Real-World Results: What Does a Lower tRD Really Provide?

Up until this point we have spent a lot of time writing about the "performance improvement" available by changing just tRD. First, let's define the gain: lower tRD settings result in lower associated TRD values (at equivalent FSB clocks), which allow for a lower memory read latency time, ultimately providing a higher memory read speed (MB/s). Exactly how a system tends to respond to this increase in available bandwidth remains to be seen, as this is largely dependent on just how sensitive the application/game/benchmark is to variations in memory subsystem performance. It stands to reason that more bandwidth and lower latencies cannot possibly be a bad thing, and we have yet to encounter a situation in which any improvement (i.e. decrease) in tRD has ever resulted in lower observed performance.

EVEREST - a popular diagnostics, basic benchmarking, and system reporting program - gives us a means for quantifying the change in memory read rates experienced when directly altering tRD though the use of its "Cache & Memory Benchmark" tool.
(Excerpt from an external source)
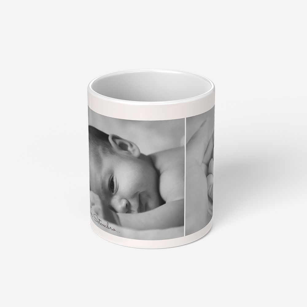A caneca mede 8 x 9,5 cm, com 100% da superfície personalizável, exceto a asa. A área de impressão permite criar um produto exclusivo com fotos, ilustrações ou textos.
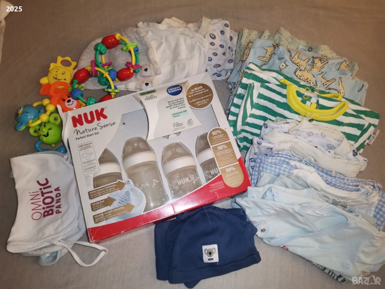 Бебешки дрешки, играчки и принадлежности за момчета близнаци.

We have collected these results and present them below for your examination. The essential point to remember when reviewing these figures is that all of this data was collected using memory speeds and settings well within the realm of normal achievement - an FSB of 400MHz using a 5:4 divider for DDR2-1000 with 4-4-4-10 primary timings at a Command Rate of 2N. The only change made between data collection runs was a modification to tRD.


Memory
Read Bandwidth - Variable tRD

Using the default tRD of 12, our system was able to reach a maximum memory read bandwidth value of 7,597 MB/s - a predictable result considering the rather relaxed configuration. Tightening tRD all the way to a setting of 5 provides us with dramatically different results: 9,166 MB/s, more than 20% higher total throughput! Keep in mind that this was done completely independent of any memory setting adjustment. There is a central tenet of this outcome: because the MCH is solely responsible for delivering the additional performance gains, this concept can be applied to any system, regardless of memory type or quality.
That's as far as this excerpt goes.